* WHAT YOU SHOULD DO
Restate the following records word for word without images.
[Opening DATA PROVIDED section]
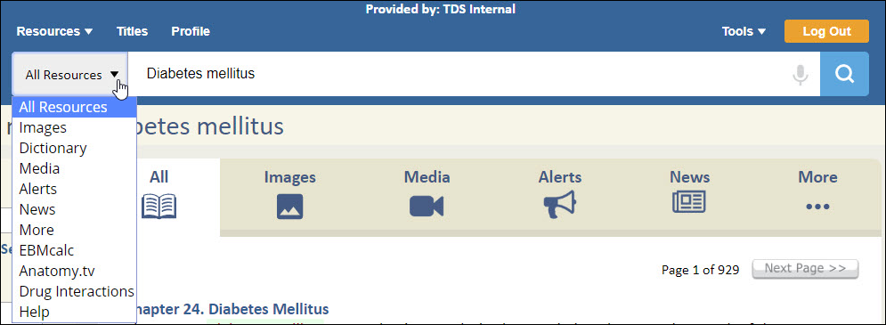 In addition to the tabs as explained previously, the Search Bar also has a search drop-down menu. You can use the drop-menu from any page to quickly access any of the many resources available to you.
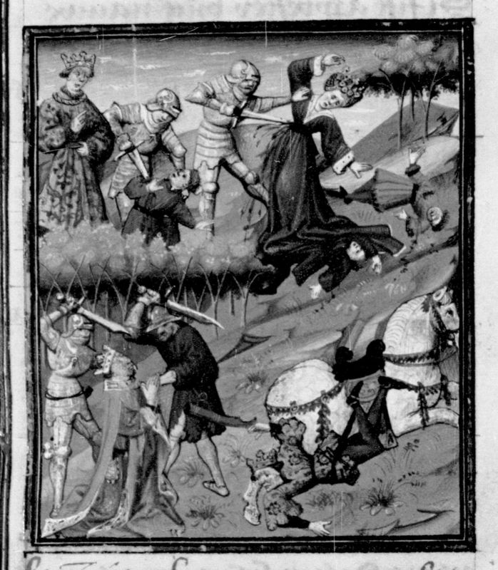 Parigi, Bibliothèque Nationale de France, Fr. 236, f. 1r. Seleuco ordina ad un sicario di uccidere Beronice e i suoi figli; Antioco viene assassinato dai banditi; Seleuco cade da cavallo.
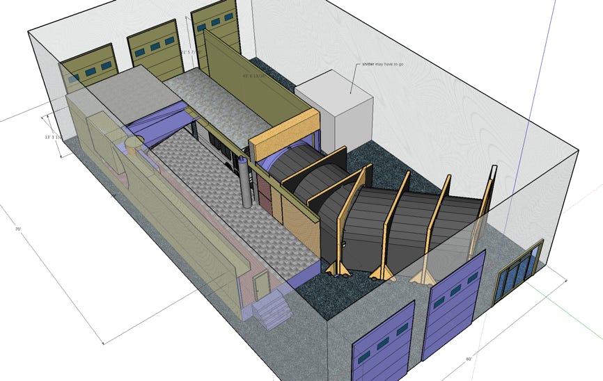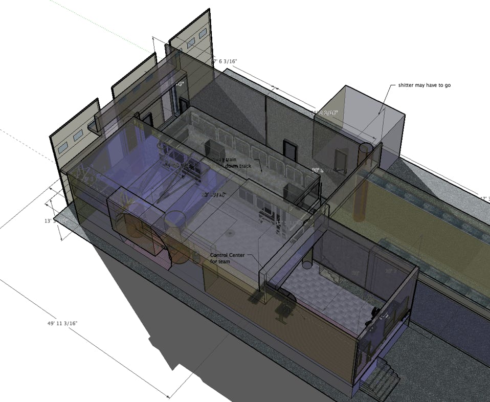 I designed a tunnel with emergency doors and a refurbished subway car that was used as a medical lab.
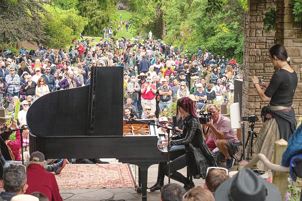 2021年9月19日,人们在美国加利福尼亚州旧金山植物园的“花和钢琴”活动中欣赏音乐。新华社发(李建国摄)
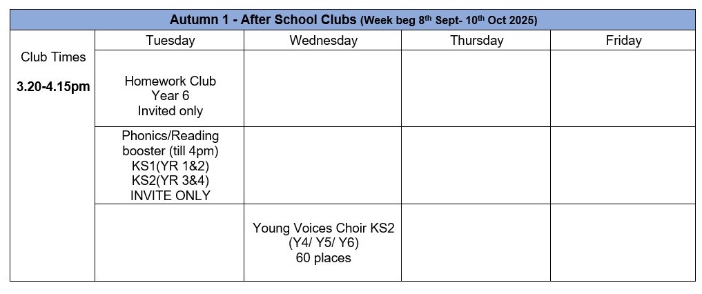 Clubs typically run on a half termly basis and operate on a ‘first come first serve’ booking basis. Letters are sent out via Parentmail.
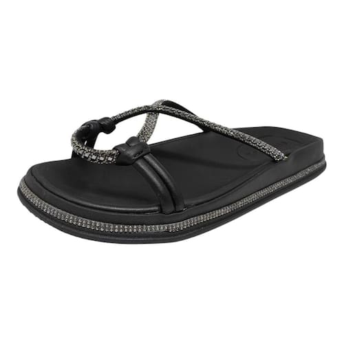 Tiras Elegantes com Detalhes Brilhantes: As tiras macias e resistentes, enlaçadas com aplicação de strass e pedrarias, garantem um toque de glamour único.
[Closing DATA PROVIDED section]
* ANSWER SPACE
 In addition to the tabs as explained previously, the Search Bar also has a search drop-down menu. You can use the drop-menu from any page to quickly access any of the many resources available to you.
 Parigi, Bibliothèque Nationale de France, Fr. 236, f. 1r. Seleuco ordina ad un sicario di uccidere Beronice e i suoi figli; Antioco viene assassinato dai banditi; Seleuco cade da cavallo.
 I designed a tunnel with emergency doors and a refurbished subway car that was used as a medical lab.
 2021年9月19日,人们在美国加利福尼亚州旧金山植物园的“花和钢琴”活动中欣赏音乐。新华社发(李建国摄)
 Clubs typically run on a half termly basis and operate on a ‘first come first serve’ booking basis. Letters are sent out via Parentmail.
 Tiras Elegantes com Detalhes Brilhantes: As tiras macias e resistentes, enlaçadas com aplicação de strass e pedrarias, garantem um toque de glamour único.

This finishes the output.